— То не Богоугодное дело, — твёрдо отвечал Гермоген, — да не свершится оно моим именем, а вы, сеющие новую смуту, отстаньте о сатанинского наваждения.
Озлобленные заговорщики толкали его и били, обсыпали сорным снегом, но старец неколебимо стоял на своём. Не числя себя в приверженцах нынешнего государя, тяготясь его царственным неумением, он тем не менее в трудные минуты считал необходимым поддержать Шуйского как единственного представителя законной власти. Стойкое поведение Гермогена отрезвило многих и заставило Палицына принять быстрое решение. Он бросился к своему подворью и приказал раздать монастырский хлеб по соседним лавкам, с тем чтобы продавать его по пониженной цене и сбить цену у барышников. Между тем заговорщики, оставив упрямого святителя, устремились в Кремль. На этот раз русский царь оказался достойным патриарха, он бесстрашно вышел к ним и сказал:
— Чего хотите? Если убить меня, то я перед вами и не боюсь смерти; но свергнуть меня с царства не можете без Думы земской. Пусть она соберётся и решит судьбу отечества и мою собственную: её суд будет для меня законом, но не воля крамольников!
Эта немногословная речь оказалась убедительной, в ней явились неожиданные ум и достоинство. Заговорщики смутились и проявили некоторую нерешительность. А в толпе пронёсся слух о дешёвом хлебе, и она мгновенно рассеялась вместе с оральщиками. Оставшиеся без поддержки злоумышленники были вынуждены оставить царский двор и убежать в Тушино. Их оказалось не более трёхсот человек, и многие через некоторое время принесли повинную.

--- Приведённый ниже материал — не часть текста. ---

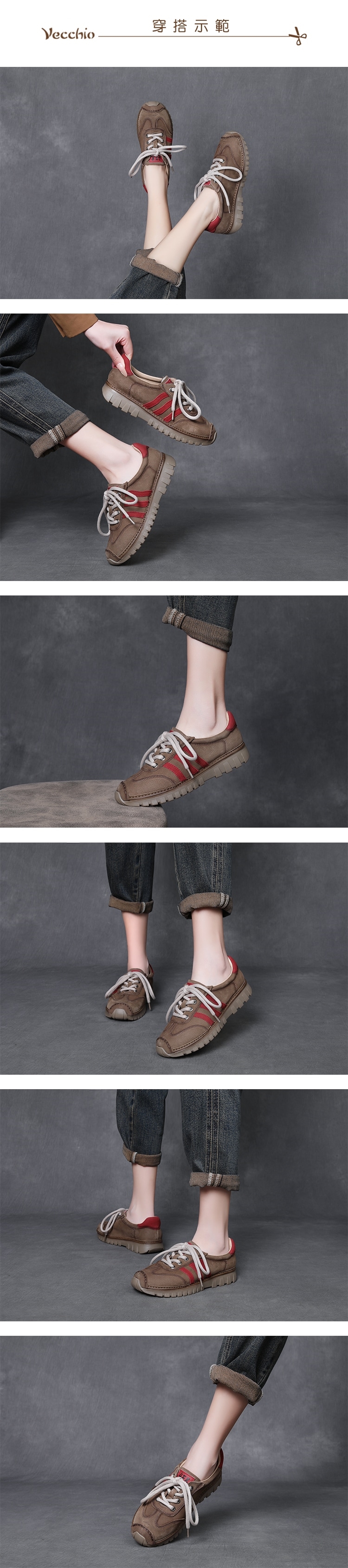 【VECCHIO】全真皮拼接厚底德比鞋/全真皮頭層牛皮復古線條拼接厚底德比鞋 休閒鞋 女鞋 棕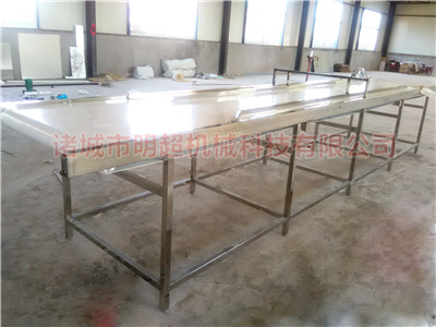 通過雙層輸送機輸送到漂燙機里面進行進行漂燙,可根據(jù)用戶漂燙不同的蔬菜溫度和時間可調,采用保溫系統(tǒng),使用硅酸鋁保溫,是目前超好的保溫材料,水可循環(huán)利用,水槽內的水溫度均勻。由于蔬菜漂燙的過程中,容易漂浮,在水槽上面單獨設計了負壓帶,防止蔬菜漂在水的上面,造成漂燙不一致。整機采用sus304不銹鋼材質,可連續(xù)漂燙。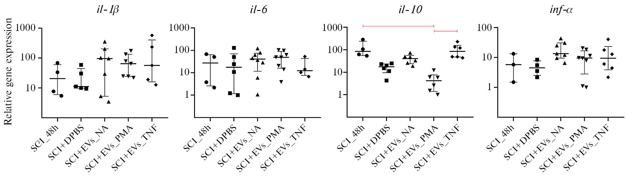 Введение раствора DPBS и двух образцов ВВ вызывало достоверное изменение уровня экспрессии гена противовоспалительного il-10 в тканях сердца рыб (p<0.001). При этом ВВ в группе SCI+EVs_РМA вызывали достоверное снижение уровня экспрессии (p=0.002), в то время как образцы в группе SCI+EVs TNF не оказывали аналогичного воздействия, и уровень экспрессии il-10 не отличался от такового в группе с повреждением SCI_48 h (рис. 5, табл. 3).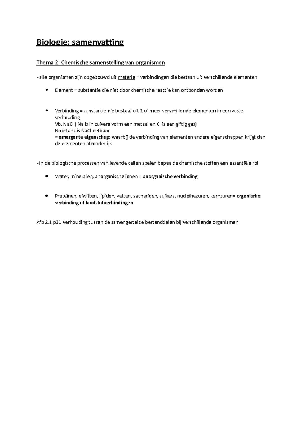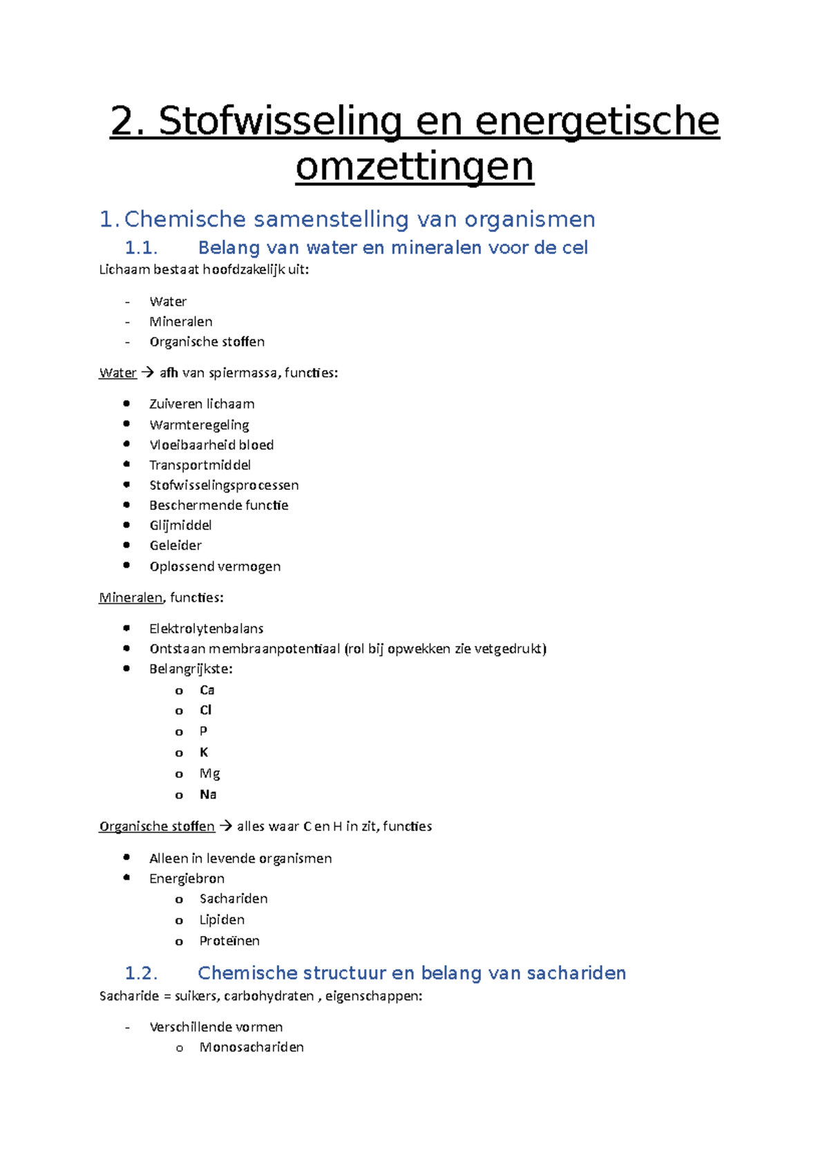 2. chemische samenstelling cellen - BIOLOGIE H Inhoudsopgave BIOLOGIE ...

Появление монастырского хлеба вынудило торговцев снизить цену, сразу упавшую до 2 рублей за четверть. Они были недовольны, угрожали Авраамию, и к подворью по распоряжению Шуйского выставили усиленную стражу. Один из барышников пытался устроить поджог лавки, торговавшей троицким хлебом. Уличившая его толпа не стала церемониться: злодею вспороли живот и набили зерном — жри, дескать, вволю, несытный нехристь. Жестокая расправа отрезвила многих, народ на время отстал от буйства, в преддверии Великого поста на него как бы слетело умиротворение. Пошли слухи о разных чудесах.

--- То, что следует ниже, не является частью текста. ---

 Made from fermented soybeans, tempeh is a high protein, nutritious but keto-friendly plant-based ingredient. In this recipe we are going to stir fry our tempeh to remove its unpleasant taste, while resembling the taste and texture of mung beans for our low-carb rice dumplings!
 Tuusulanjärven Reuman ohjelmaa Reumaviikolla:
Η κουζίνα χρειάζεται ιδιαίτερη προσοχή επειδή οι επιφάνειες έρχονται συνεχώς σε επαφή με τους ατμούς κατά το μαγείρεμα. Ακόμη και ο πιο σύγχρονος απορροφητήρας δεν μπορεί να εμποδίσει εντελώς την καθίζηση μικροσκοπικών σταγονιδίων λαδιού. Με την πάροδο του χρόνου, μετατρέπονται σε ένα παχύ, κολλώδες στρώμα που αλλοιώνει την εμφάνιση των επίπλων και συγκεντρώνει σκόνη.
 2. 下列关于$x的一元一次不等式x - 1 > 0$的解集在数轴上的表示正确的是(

В начале масляной недели перед Троицким подворьем собралась большая толпа. Рассказывали, что утром у Покровских ворот видели святолепного старца, привёзшего 12 возов печёного хлеба.
— Откуда ты, отче? — спросили его. — Как прошёл через толико множество твёрдых стражей?
И услышали в ответ:
— От дому Пресвятой и Живительной Троицы все мы суть.
Собравшиеся верили, что это был сам святой Сергий и требовали подтверждения. Авраамий велел раздать толпе всю утреннюю выпечку, и люди разошлись довольные. Так происходило не раз, но как ни велики были запасы подворья, они скоро истощились, и цена на хлеб снова начала повышаться. Палицын выгреб всё дочиста, но когда угроза голода нависла уже над самим подворьем, служка по имени Спир Булава увидел, как из щели в стене сыпется рожь. Он намёл 5 четвертей, рожь не переставала течь. Доложили келарю, тот объявил это промыслом святого Сергия и благословил неиссякаемую житницу.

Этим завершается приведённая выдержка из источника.